-- DATASET EXCERPTS follows --

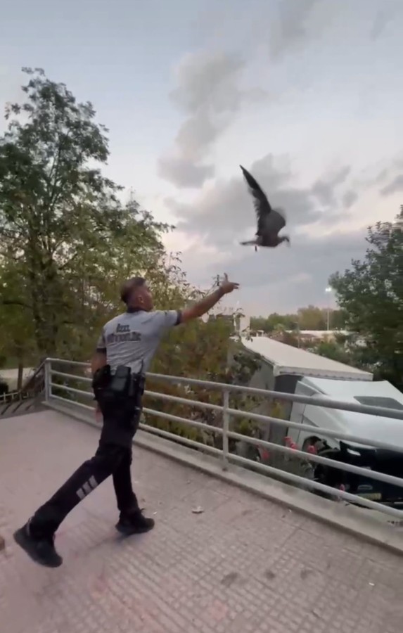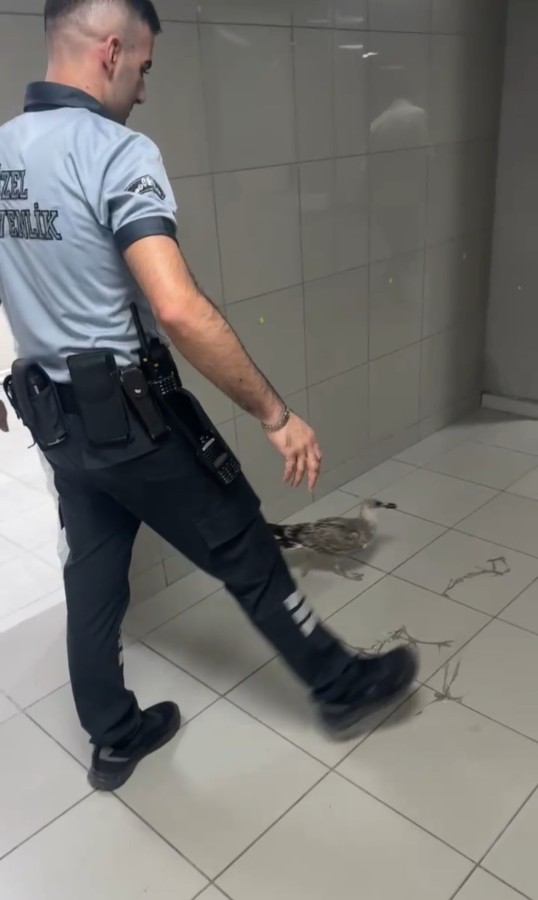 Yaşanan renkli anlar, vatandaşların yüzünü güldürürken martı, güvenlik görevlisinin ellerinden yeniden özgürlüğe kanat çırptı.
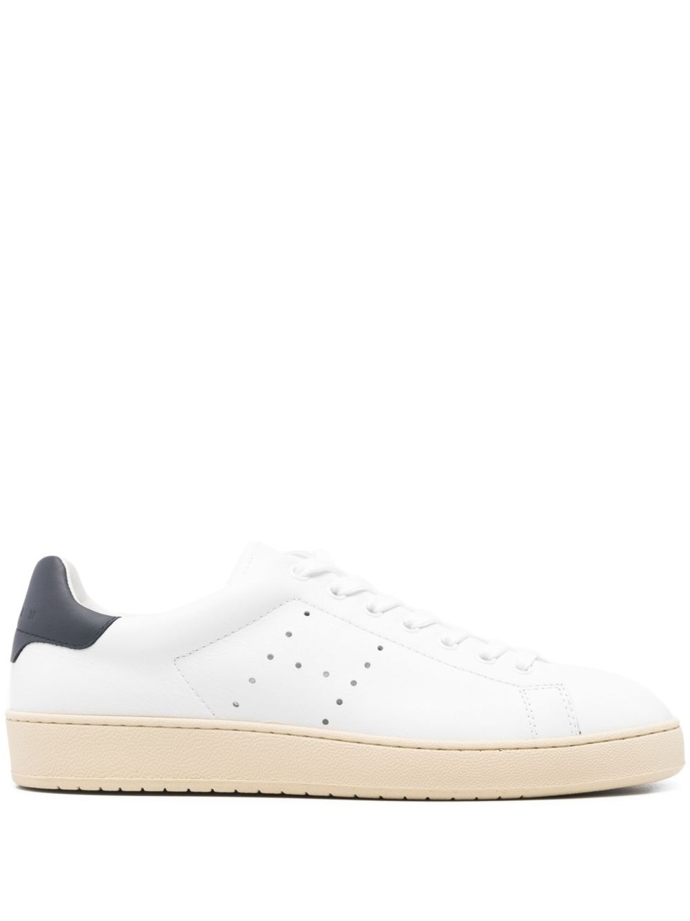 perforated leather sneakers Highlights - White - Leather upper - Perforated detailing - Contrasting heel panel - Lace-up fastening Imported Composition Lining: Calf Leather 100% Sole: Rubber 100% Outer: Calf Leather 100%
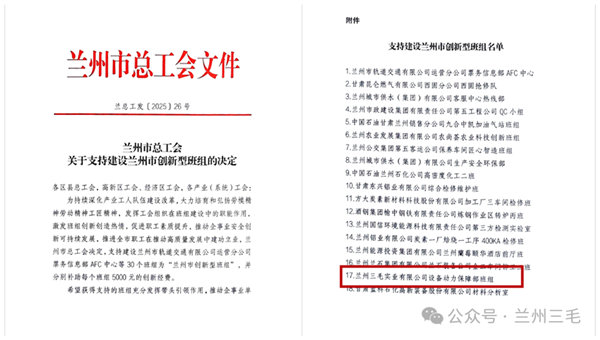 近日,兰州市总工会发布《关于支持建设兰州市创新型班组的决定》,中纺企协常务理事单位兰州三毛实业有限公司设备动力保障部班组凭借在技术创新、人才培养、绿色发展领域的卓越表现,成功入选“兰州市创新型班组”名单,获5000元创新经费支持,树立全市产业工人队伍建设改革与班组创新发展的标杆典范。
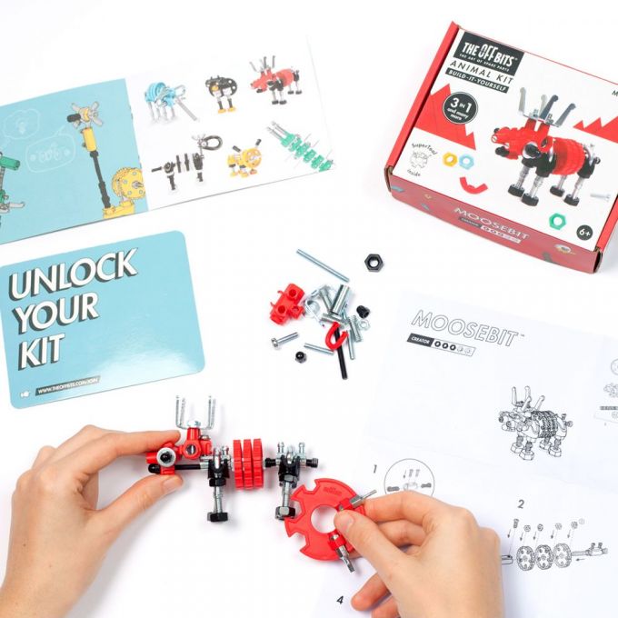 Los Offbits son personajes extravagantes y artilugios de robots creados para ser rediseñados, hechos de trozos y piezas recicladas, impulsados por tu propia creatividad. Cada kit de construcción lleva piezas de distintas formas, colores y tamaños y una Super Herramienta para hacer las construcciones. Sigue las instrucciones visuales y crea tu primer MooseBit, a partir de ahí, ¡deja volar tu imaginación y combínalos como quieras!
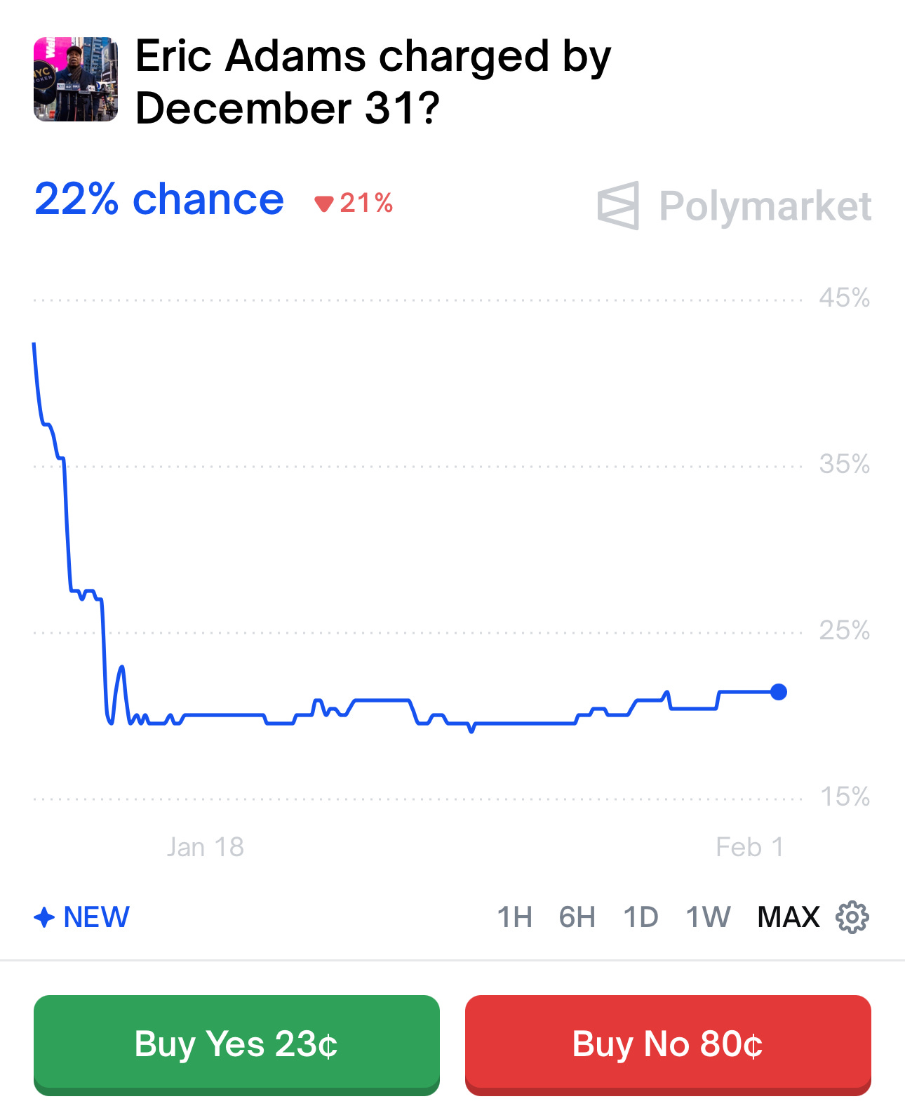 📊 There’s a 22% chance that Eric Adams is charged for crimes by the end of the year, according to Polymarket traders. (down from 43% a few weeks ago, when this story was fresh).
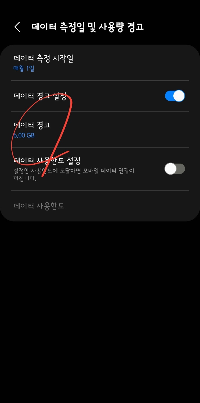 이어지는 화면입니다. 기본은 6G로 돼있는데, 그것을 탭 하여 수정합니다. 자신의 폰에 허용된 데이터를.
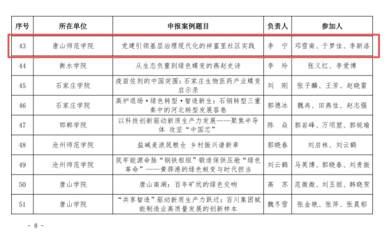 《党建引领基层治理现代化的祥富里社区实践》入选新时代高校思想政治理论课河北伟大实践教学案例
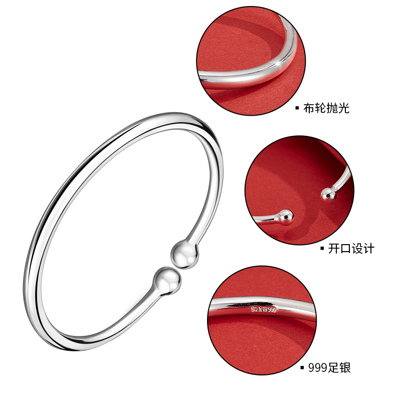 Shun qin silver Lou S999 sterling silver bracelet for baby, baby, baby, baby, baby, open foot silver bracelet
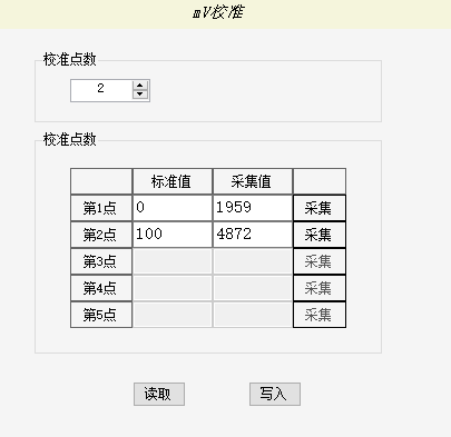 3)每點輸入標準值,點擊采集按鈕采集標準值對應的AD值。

-- DATASET EXCERPTS concluded --
-- DATASET EXCERPTS follows --

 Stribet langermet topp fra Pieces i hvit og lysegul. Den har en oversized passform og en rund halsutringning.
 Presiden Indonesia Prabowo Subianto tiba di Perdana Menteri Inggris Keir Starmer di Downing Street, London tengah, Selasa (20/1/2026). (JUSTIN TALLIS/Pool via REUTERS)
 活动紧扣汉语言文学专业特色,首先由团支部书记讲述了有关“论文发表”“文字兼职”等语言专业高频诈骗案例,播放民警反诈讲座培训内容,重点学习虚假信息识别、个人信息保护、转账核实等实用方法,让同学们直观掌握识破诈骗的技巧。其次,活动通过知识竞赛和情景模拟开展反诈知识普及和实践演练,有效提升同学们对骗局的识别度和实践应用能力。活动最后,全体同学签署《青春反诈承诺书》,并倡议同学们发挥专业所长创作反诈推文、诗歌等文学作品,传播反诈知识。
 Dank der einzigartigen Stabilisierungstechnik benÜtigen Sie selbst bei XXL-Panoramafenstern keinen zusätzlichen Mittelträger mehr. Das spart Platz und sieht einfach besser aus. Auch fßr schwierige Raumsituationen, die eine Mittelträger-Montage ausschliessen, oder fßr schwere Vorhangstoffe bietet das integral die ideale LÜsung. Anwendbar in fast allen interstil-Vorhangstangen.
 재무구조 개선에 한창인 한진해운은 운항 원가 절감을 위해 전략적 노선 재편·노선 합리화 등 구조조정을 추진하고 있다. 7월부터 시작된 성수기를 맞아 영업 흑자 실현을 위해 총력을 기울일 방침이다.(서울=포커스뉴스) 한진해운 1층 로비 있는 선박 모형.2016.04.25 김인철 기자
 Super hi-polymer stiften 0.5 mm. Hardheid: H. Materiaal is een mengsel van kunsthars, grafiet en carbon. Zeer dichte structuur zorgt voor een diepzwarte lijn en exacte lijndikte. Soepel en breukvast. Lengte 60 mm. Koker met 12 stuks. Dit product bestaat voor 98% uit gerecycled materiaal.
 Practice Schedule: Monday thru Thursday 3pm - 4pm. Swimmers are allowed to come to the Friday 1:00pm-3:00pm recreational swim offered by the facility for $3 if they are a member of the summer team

-- DATASET EXCERPTS concluded --

• GOAL OF THE EXERCISE
Your copy should hold the lines from the one with "Yaşanan renkli anlar, vatandaşların" up to and including the one with "近日,兰州市总工会发布《关于", exactly as in the data above, and no pictures.

• ANSWER FOR THE TASK
 Yaşanan renkli anlar, vatandaşların yüzünü güldürürken martı, güvenlik görevlisinin ellerinden yeniden özgürlüğe kanat çırptı.
 perforated leather sneakers Highlights - White - Leather upper - Perforated detailing - Contrasting heel panel - Lace-up fastening Imported Composition Lining: Calf Leather 100% Sole: Rubber 100% Outer: Calf Leather 100%
 近日,兰州市总工会发布《关于支持建设兰州市创新型班组的决定》,中纺企协常务理事单位兰州三毛实业有限公司设备动力保障部班组凭借在技术创新、人才培养、绿色发展领域的卓越表现,成功入选“兰州市创新型班组”名单,获5000元创新经费支持,树立全市产业工人队伍建设改革与班组创新发展的标杆典范。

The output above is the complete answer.